More broadly, Sowell’s analysis illustrates that the foundations for the different worldviews are often both unacknowledged and implicit. It can be difficult to recognize the assumptions underlying one’s own strongly held views, making it that much harder to understand those who are looking at the same issues from a completely different vantage point.
Washington Post columnist Megan McArdle made a related point in relation to an invitation offered to Steve Bannon to speak at the 2018 New Yorker Festival. Although Bannon’s history and views were well known to festival organizers when his invitation was extended, in the face of the subsequent social media backlash, New Yorker editor David Remnick rescinded it, writing in an email to New Yorker staff, “I’ve changed my mind” and “I don’t want well-meaning readers and staff members to think that I’ve ignored their concerns.”
In a Washington Post commentary on the incident, McArdle highlighted the complete separation between the two sides of the political spectrum:
By leaving less and less room for dissenters, the hegemons created a counter-tribe of outsiders who reject their authority as vehemently as they exert it. And thus, for the same reasons that the beliefs of New Yorker readers are in no danger from Steve Bannon, the views of Trump fans are entirely safe from David Remnick.
What’s left is a kind of ceremonial cleansing of the sacred city, a mighty labor to make sure that the two circles on the Venn diagram never, ever come into contact. There’s something admirable about uncompromising ethical purity, but also something rather dangerous. For it means that outside your circle, there’s an entirely different normal. McArdle’s commentary was about the New Yorker’s leadership, staff and readers. But the observation that “outside your circle, there’s an entirely different normal” applies in other contexts as well, including on campus. Academic communities can and often do exist in their own circles outside of which there is a different normal. And, like many other communities, they can be places where unacknowledged assumptions can impede dialogue, and in some cases can entirely prevent it from occurring.
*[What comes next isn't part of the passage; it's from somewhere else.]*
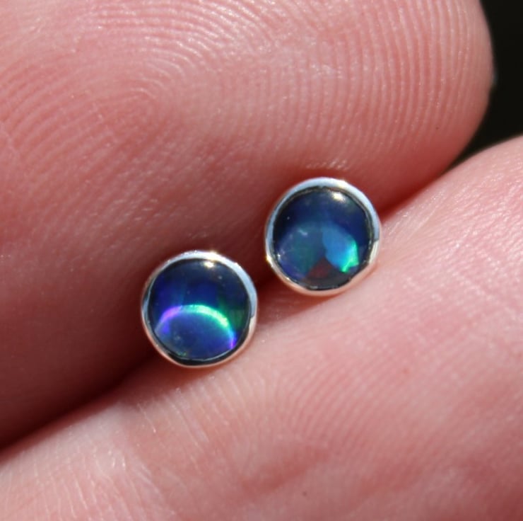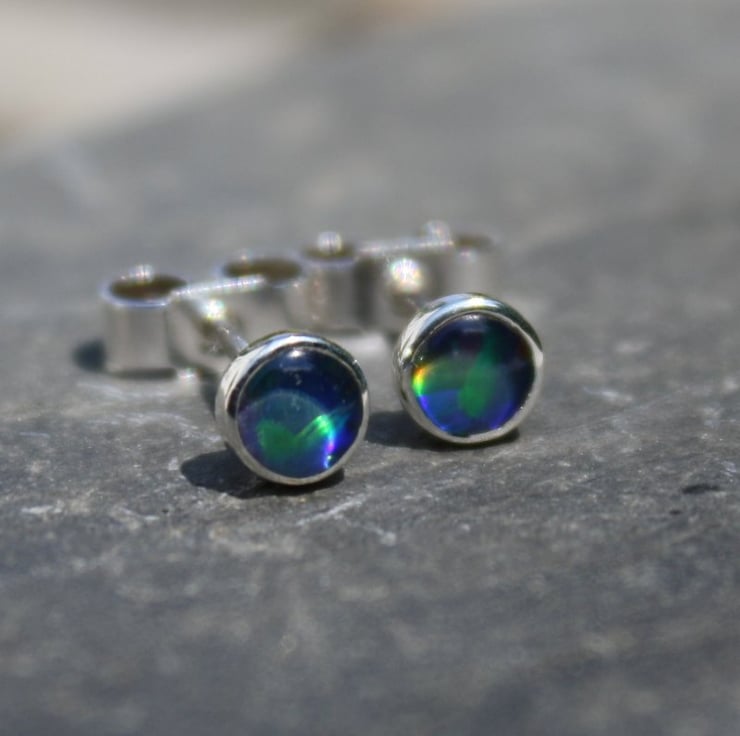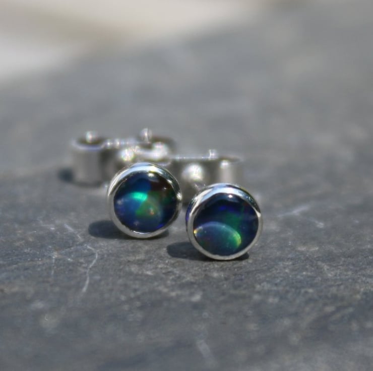 Simple sterling silver stud earrings set with stunning opal triplet cabochons.

At the end of the day, reasonable people can disagree about the proper role of each of the three beliefs outlined at the beginning of our essay. The problem is that these beliefs have been incorporated into universities in such a way that they’re no longer considered beliefs at all, but rather truths that cannot be questioned. They now underpin much of teaching, research and campus policy dialogue more generally. The resulting climate impedes the engagement of multiple perspectives, which is supposed to be one of the hallmarks of a university education.
The preceding article has been adapted from the book Unassailable Ideas: How Unwritten Rules and Social Media Shape Discourse in American Higher Education.